# Can anyone identify Model#?



## Mykl8 (Nov 22, 2013)

Hello all, I have bought my very first snow blower. The drive sprocket is worn out and the wheels wont move under engine power.
I know what part I need to replace but I don't know how to get it!

My unit is a Craftsman II 11.0/30 but I cant find the model number. I was told it was on a sticker that is on the back of the main frame but there isn't a sticker there.

Here are some pictures to hopefully help identify my unit.










Engine 













































is this the serial number?


----------



## Colored Eggs (Dec 7, 2012)

Have you looked on the frame at the bottom of the engine. (right on top) that is where I found my model numbers however its a bit older than your unit so they do move them all over the place. Hopefully someone can id it for you or find the model number and then cross reference it to the manufacturer that built it for craftsman since they did not make their own machines.


----------



## Shryp (Jan 1, 2011)

The handlebars and gear shifter look like the Murray/Noma machines I see online.


----------



## sscotsman (Dec 8, 2010)

Its a 1998 model year machine, made in late '97.
Almost certaintly made by Murray.

Scot


----------



## Waterlooboy2hp (Nov 29, 2011)

Did a bit of searching on the web, and found this as a model number. 536881130. When plugged into the sears parts site, it comes up as a Craftsman 2, 11 hp, and a 30" path. Looks like most parts can be ordered. ---- John


----------



## micah68kj (Oct 8, 2011)

What SHRYP and Scot said. Almost certainly a Murray. Have one similar to this one at our church. Has same controls. It's a Craftsman/Murray.


----------



## Mykl8 (Nov 22, 2013)

I went to the sears repair outlet here in Edmonton and the guy helped me find a couple different part numbers of the part I need (that may or may not be correct).
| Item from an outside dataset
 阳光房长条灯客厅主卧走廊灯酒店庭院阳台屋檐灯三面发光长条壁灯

It doesn't cost me a dime to get them shipped to the repair center from Toronto so I'll just have to bring in my shaft and compare before I pay the $50.

The only thing I have to deal with now is getting the thing apart...
It appears I have to split the main frame from the impeller/auger unit in order to take it apart. The issue with that is the previous owner was having problems with bolts coming loose and welded the unit together. I might haul it to my work (2 hours away) and cut it apart there.



sscotsman said:


> Its a 1998 model year machine, made in late '97.
> Almost certaintly made by Murray.
> 
> Scot


How do you know its a '98? Because the engine says it meets '95-'98 emissions?



Colored Eggs said:


> Have you looked on the frame at the bottom of the engine. (right on top)
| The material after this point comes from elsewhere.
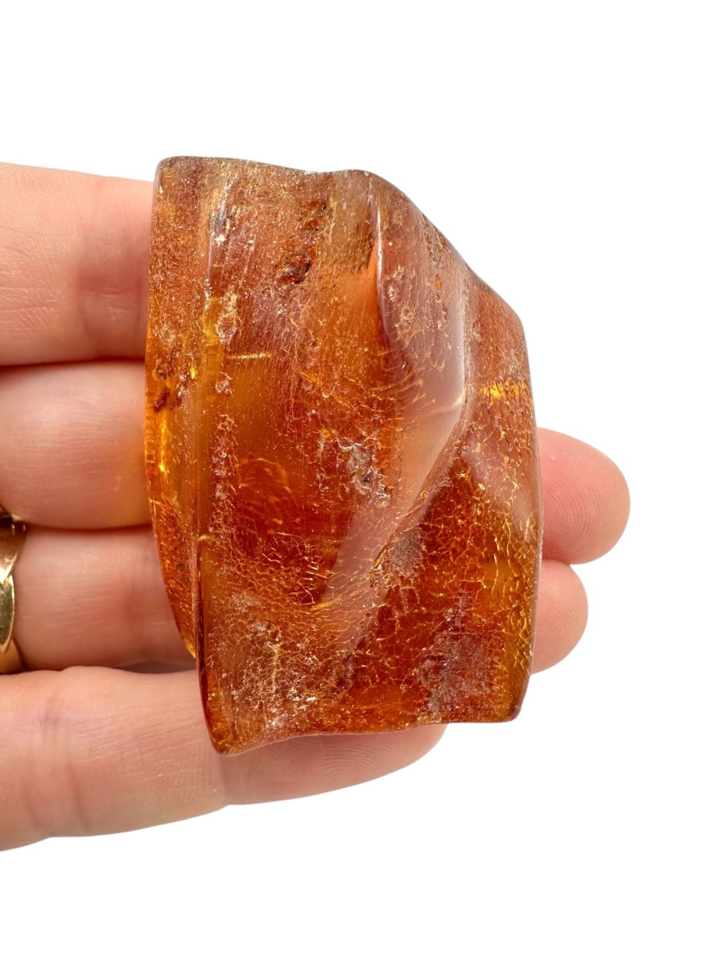 Colombian amber can vary in color from light yellow to dark brown, with honey and reddish tones also occurring. As with other amber types, it can be found in transparent forms, as well as in specimens with various degrees of cloudiness.

Do you mean on top of the main frame right by the engine? I will check the next time I am at storage.

Thanks for all the help so far!


----------



## Mykl8 (Nov 22, 2013)

Waterlooboy2hp said:


> Did a bit of searching on the web, and found this as a model number. 536881130. When plugged into the sears parts site, it comes up as a Craftsman 2, 11 hp, and a 30" path. Looks like most parts can be ordered. ---- John



Are you talking about searspartsdirect? if so I cant order from there being in Canada. 
The part (#275 P/N 761789MA) Jackshaft under that model number (536881130) is the same as the one I am getting shipped! That makes me feel good.

Another question, how much do you guys think this is worth? its missing the crank to change the chute direction, it has 120V electric start and assuming I get it working... 

I payed $340 for it and the engine and auger run strong.


----------



## sscotsman (Dec 8, 2010)

Mykl8 said:


> How do you know its a '98? Because the engine says it meets '95-'98 emissions?


because of that, combined with the Tecumseh "D.O.M" number on the engine tag..(Date of Manufacture)..
That number, 7258, says the engine was assembled at Tecumseh on the 258th day of a year ending in 7. Unfortunately Tecumseh didnt use 2-digit years, so the "7" could be 1967, 1977, 1987 or 1997. (after 2000 they finally started using 2-digit years!)

We know its it's not 1967 or '77, because Tecumseh didn't say "DOM" then..they still used the same type of date code, but it was part of the serial number..but we have the only clue we need to know which "year ending in 7" it is: "meets '95-'98 emissions"..That tells us its 1997..

A snowblower built in the Summer or Autumn of 1997 would be considered a 1998 model year machine.

Scot


----------



## Mykl8 (Nov 22, 2013)

I am impressed dear Sir!


----------



## Blue Hill (Mar 31, 2013)

Mykl8 said:


> The only thing I have to deal with now is getting the thing apart...
> It appears I have to split the main frame from the impeller/auger unit in order to take it apart. The issue with that is the previous owner was having problems with bolts coming loose and welded the unit together. I might haul it to my work (2 hours away) and cut it apart there.


Can you borrow an angle grinder with a zip cut disc and cut the welds?
Or go to Canadian Tire and buy one for $25? That seems easier than carting the machine around.
JMHO

Larry


----------



## Mykl8 (Nov 22, 2013)

I work from my company truck and I have an air compressor with a air grinder/zip cut but its -15 here and I'd rather do it somewhere warm. No garage for me


----------



## Blue Hill (Mar 31, 2013)

Oh I get that!


----------



## Mykl8 (Nov 22, 2013)

Updates!!!
So Thanks for the help everyone, with the numbers I got from here I managed to order 2 gearshafts. once they came in I compared to the one in my blower and bought the right one for just over $50.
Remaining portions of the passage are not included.